If approved by the government, the amended Ordinance on Personal Income Tax for High Income Earners would come into effect early next year. Business leaders see the proposal as a good reason for foreign businesses to recruit more Vietnamese staff.
The income tax threshold for Vietnamese employees currently stands at VND3 million ($195), which discourages companies from paying their staff high salaries.
Foreign employees, on the other hand, can earn up to VND8 million ($516) without being taxed.
“Such a low tax threshold for Vietnamese and the big gap for foreigners explains why we prefer to hire foreigners as it is cheaper for us,” said Juan Ricardo Rothe, chief representative of Siemens AG Vietnam.
Nguyen Thi Cuc, deputy director of the General Department of Taxation, confirmed it had proposed the new income tax threshold and a raft of other amendments in favour of Vietnamese employees.
The gaps between taxable incomes for each tax rate will widen, she said. The surtax of 30 per cent that employees currently have to pay if their after-tax income exceeds VND15 million ($967) will be eliminated. The highest tax rate of 50 per cent will also be removed.
The department estimates that the increase in the tax threshold would lead to a drop of roughly VND300 billion ($19.3million) in annual budget revenues.

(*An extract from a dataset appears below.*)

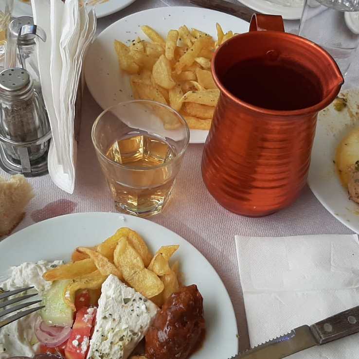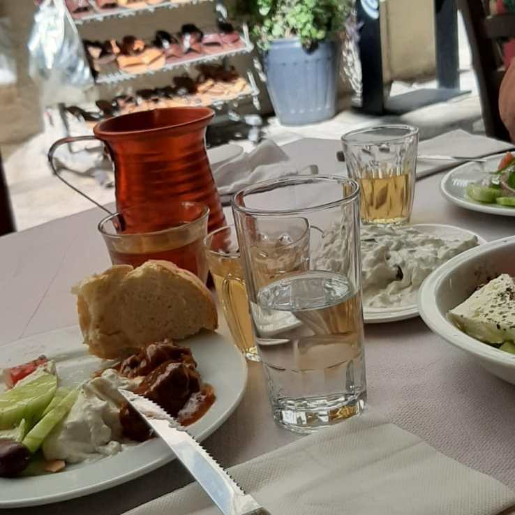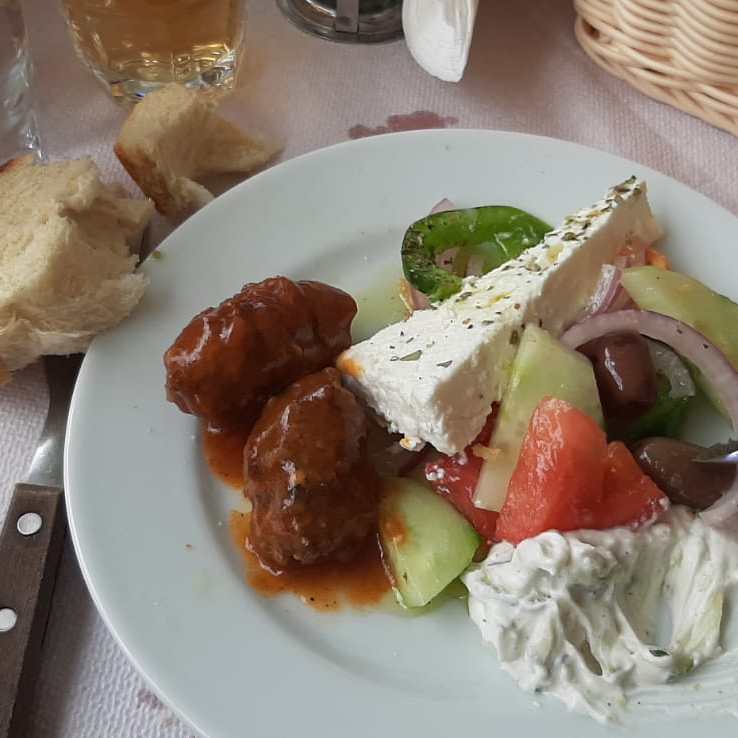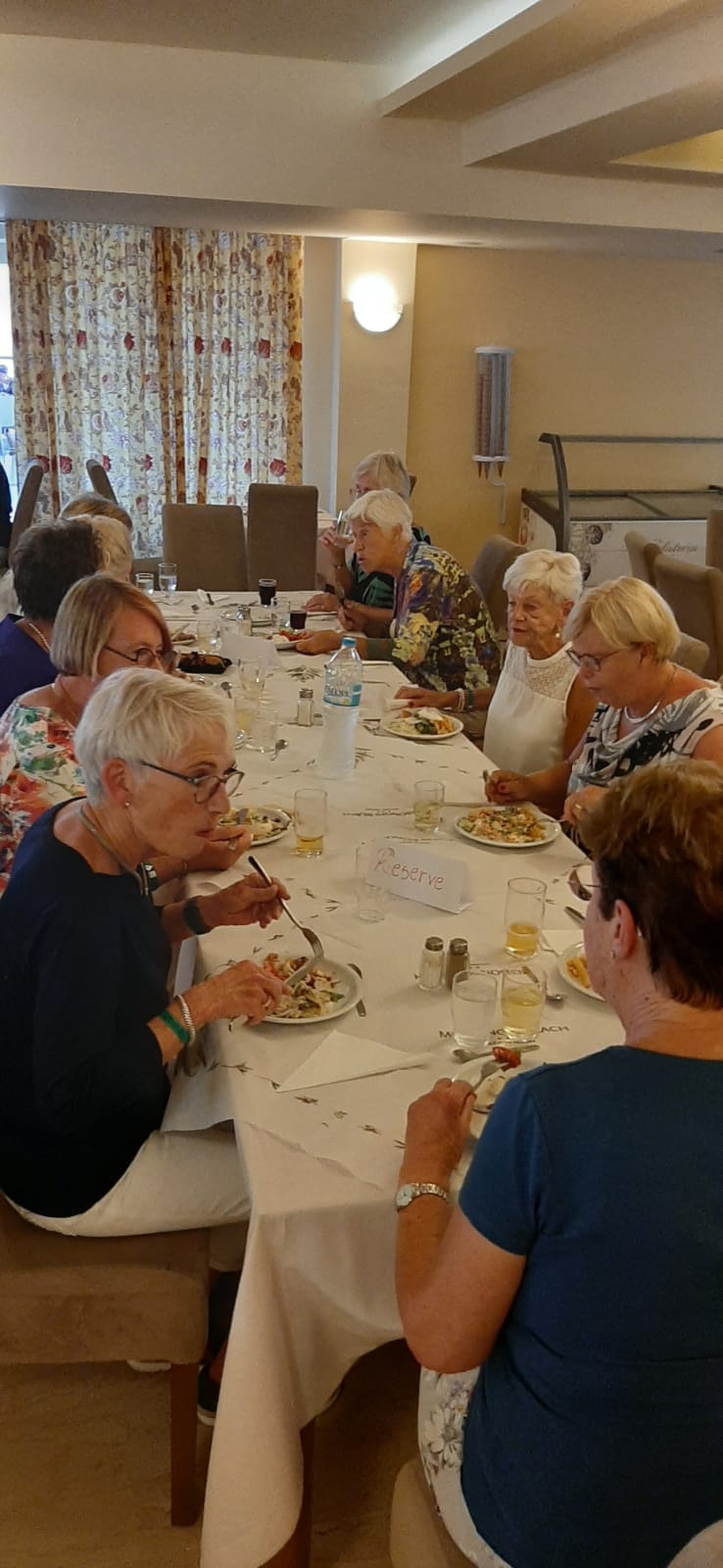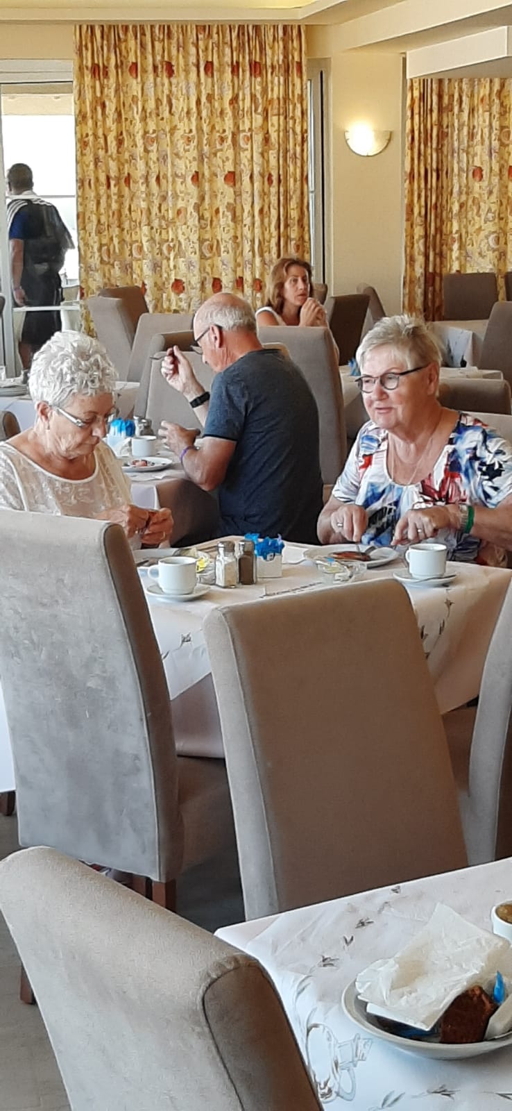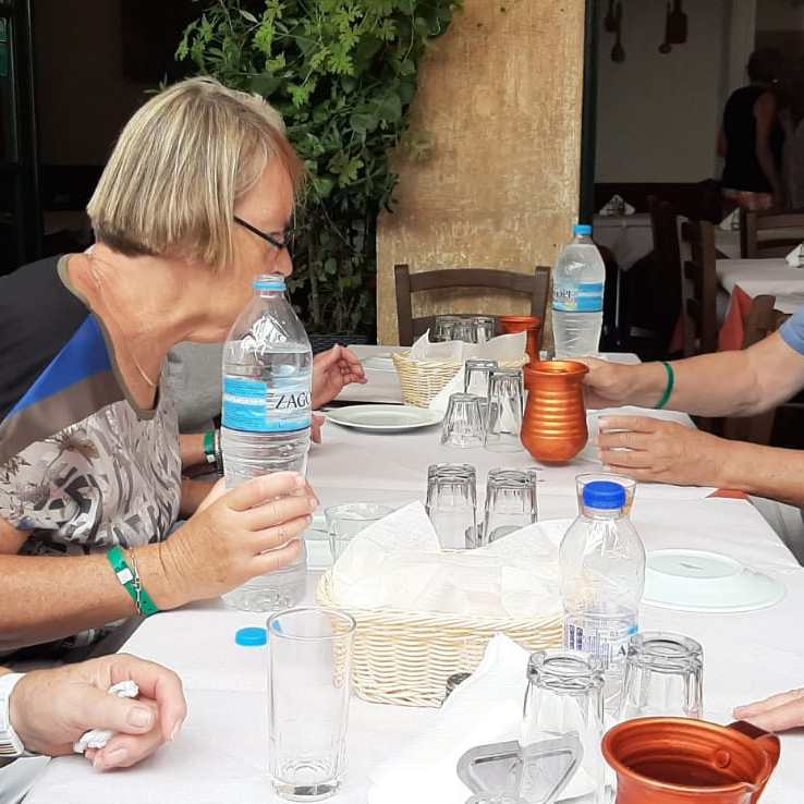 We hebben heerlijk geluncht! Het was heel gezellig en echt goed verzorgd met wijn en water, salade, tzatziki, gehaktballetjes, kip, patatjes en brood. Als klap op de vuurpijl; een appel-kaneel-puddingtaartje. Och, och, och! Na de lunch gaan we richting het hotel.

However, it expects that the amount will be recouped through other proposed tax changes, such as taxes on income derived from the transfer of land use rights and on irregular incomes that fall outside the current tax system.
The proposed amendment also includes an elimination of the discrimination between regular taxable income like salaries, allowances, bonuses and irregular taxable income like gifts, lottery winnings, transfer.
“Some incomes are difficult to classify as regular or irregular such as commission, money for science research,” an MoF official said.
“It is suggested that all of these incomes should be put under a group so called ‘labour income’. All of the amendments aim at creating a more properly regulated tax system,” the official said.